Божественная комедия (Данте; Мин)/Ад/Песнь XX/ДО

Материал из Викитеки — свободной библиотеки
Божественная комедія. Адъ — Пѣснь XX
авторъ Данте Алигіери (1265—1321), пер. Дмитрій Егоровичъ Минъ (1818—1885)
Оригинал: ит. Divina Commedia. Inferno. Canto XX. — Источникъ: Адъ Данта Алигіери. Съ приложеніемъ комментарія, матеріаловъ пояснительныхъ, портрета и двухъ рисунковъ. / Перевёлъ съ италіянскаго размѣромъ подлинника Дмитрій Минъ — Москва: Изданіе М. П. Погодина. Въ Университетской Типографіи, 1855. — С. 161—168.

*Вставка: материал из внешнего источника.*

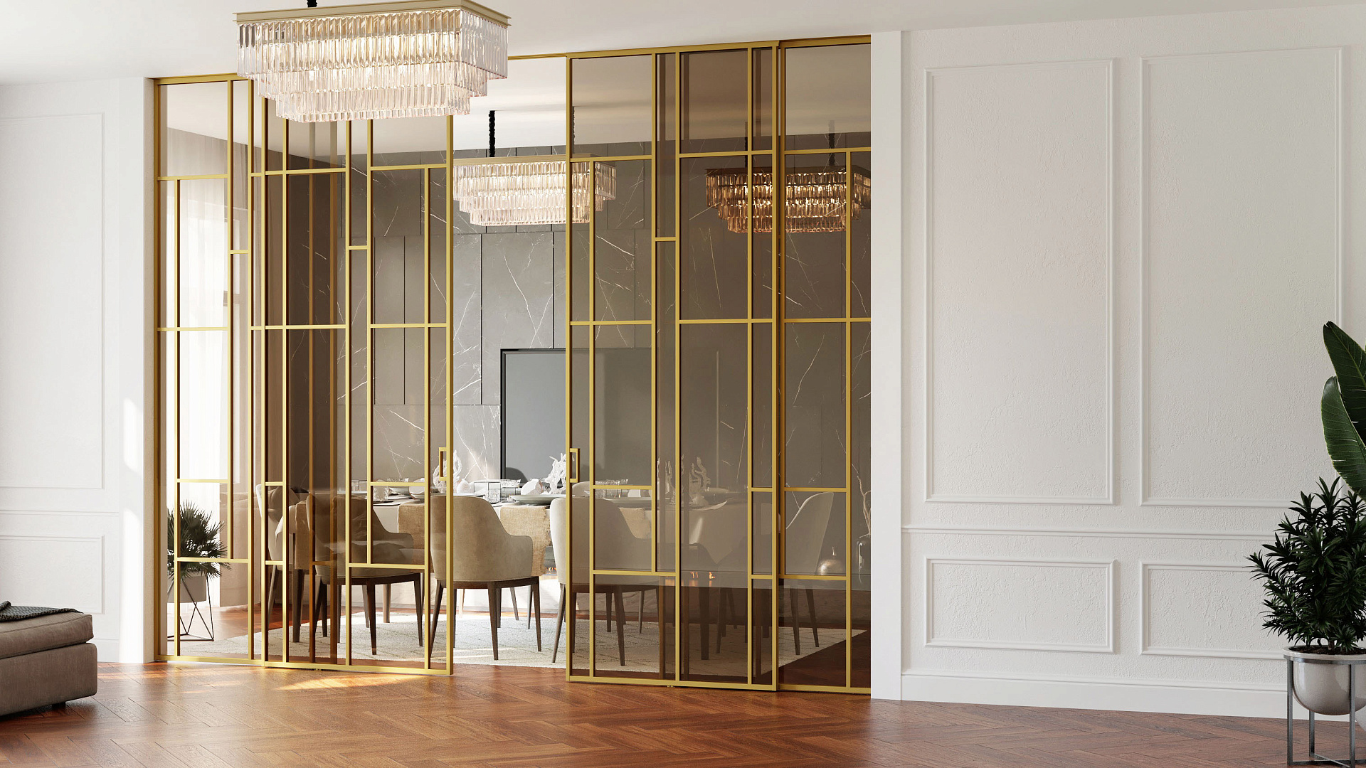 Раздвижная перегородка с тонким алюминиевым профилем 18мм

Божественная комедія. Адъ.


Пѣснь XX.


[161]

Содержаніе. На днѣ четвертаго рва Данте видитъ души прорицателей и чародѣевъ: они повернуты лицами назадъ, борода у нихъ упадаетъ па плечи, слезы текутъ по спинѣ; впередъ они уже не видятъ и должны пятиться задомъ. При видѣ искаженія человѣческаго образа, Данте плачетъ; но Виргилій укоряетъ его за скорбь передъ судомъ Божіимъ. Онъ указываетъ ему на тѣнь Амфіарая, поглощеннаго землею передъ Ѳивами; на Терезія волхва ѳивскаго; Аронте, этрурскаго птицегадателя; далѣе на тѣнь Манто, дочери Терезія, при имени которой подробно говоритъ о происхожденіи роднаго своего города Мантуи; наконецъ, указавъ еще на тѣнь Эврипилла, Михаила Скотта, Гвидо Бонатти, Асденте и другихъ, Виргилій побуждаетъ Данте спѣшить, ибо мѣсяцъ уже закатился. Поэты идутъ далѣе.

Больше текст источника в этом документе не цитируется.